• **Information supplied**
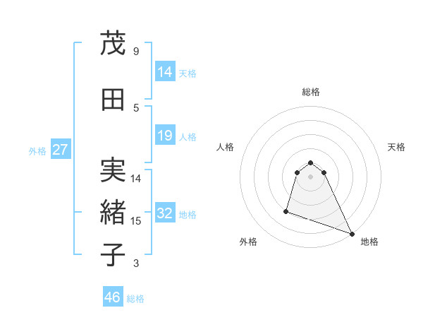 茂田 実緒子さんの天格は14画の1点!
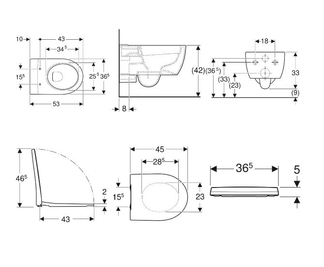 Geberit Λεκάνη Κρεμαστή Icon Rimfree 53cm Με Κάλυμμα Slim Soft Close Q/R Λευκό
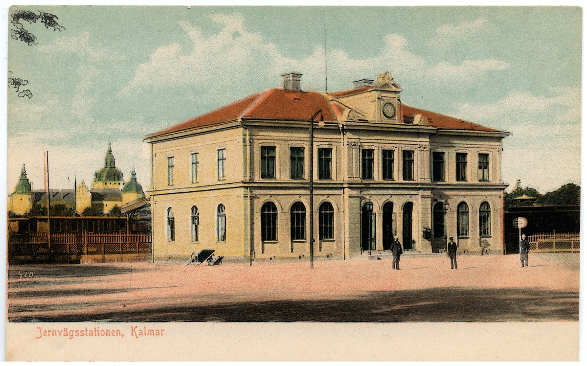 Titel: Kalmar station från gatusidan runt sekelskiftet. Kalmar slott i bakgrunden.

• **Work required**
Keep the pictures out of your copy. Copy only the lines from the line that holds "Geberit Λεκάνη Κρεμαστή" through the last line of the listing above, both included.

• **Output of the task**
 Geberit Λεκάνη Κρεμαστή Icon Rimfree 53cm Με Κάλυμμα Slim Soft Close Q/R Λευκό
 Titel: Kalmar station från gatusidan runt sekelskiftet. Kalmar slott i bakgrunden.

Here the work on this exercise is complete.